Best Commentaries on Non-Biblical Books?

Hi there,
I’m a new member; you can read my introduction in the appropriate thread. As a specialist in biblical studies, we rely on scholarly commentaries to provide insight into the social location and context of documents (we rely on them for other things too, but for right now I’m concerned chiefly with commentaries like Hermeniea and the New International Greek Testament Commentary). Another new series I really like is Baylor’s “Handbook on the Greek Text” volumes. Rather than being a commentary proper, they are an analysis of the book’s Greek, construction by construction. This is helpful because it provides a kind of lexical overview that would normally be a long time in coming; for example, the first note in the volume on the Acts of the Apostles notes that the author usually uses “men” without “de,” something it would take a reader a lot of reading in the book to figure out, if they ever read the whole book in Greek (often translation only deals with a few chapters here and there, as most of you know).

All that is to say, are there any commentaries like this for major Greek works outside the Christian canon? Do commentaries exist that treat the Greek text in great detail rather than simply being a history book about, say, Plutarch or Aristotle? I know that commentaries exist for major Greek texts, although not in the volume that exist for the Bible. What are some of the best commentaries that you know of or have worked with? What do you like about them?

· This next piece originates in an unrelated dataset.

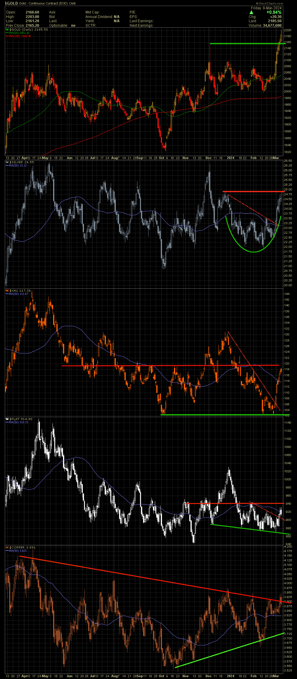 Alle unsere Companeiros haben zwar die kurzfristigen Abwärtstrends geknackt und schließen (bis auf Platin) wieder über den 50 Tage linien...aber während Gold jetzt auf Support thront , haben alle anderen saftige Widerstände vor der Brust. :hae:

What are some of the best commentaries that you know of or have worked with? What do you like about them?

What I want in a commentary is a book that focuses only on the Greek and does so as briefly as possible.

Geoffrey Steadman’s books are the best that I have found. When I first started learning Greek, I would read more detailed commentaries, but I am convinced that these do not really help you master Greek. 95% of your time should be spent reading and re-reading Greek, 5% reading commentaries. I actually think a facing literal translation is better than a commentary simply because it allows you to get back to the Greek faster, and it avoids a bunch of meta-language which just clutters your mind with abstractions.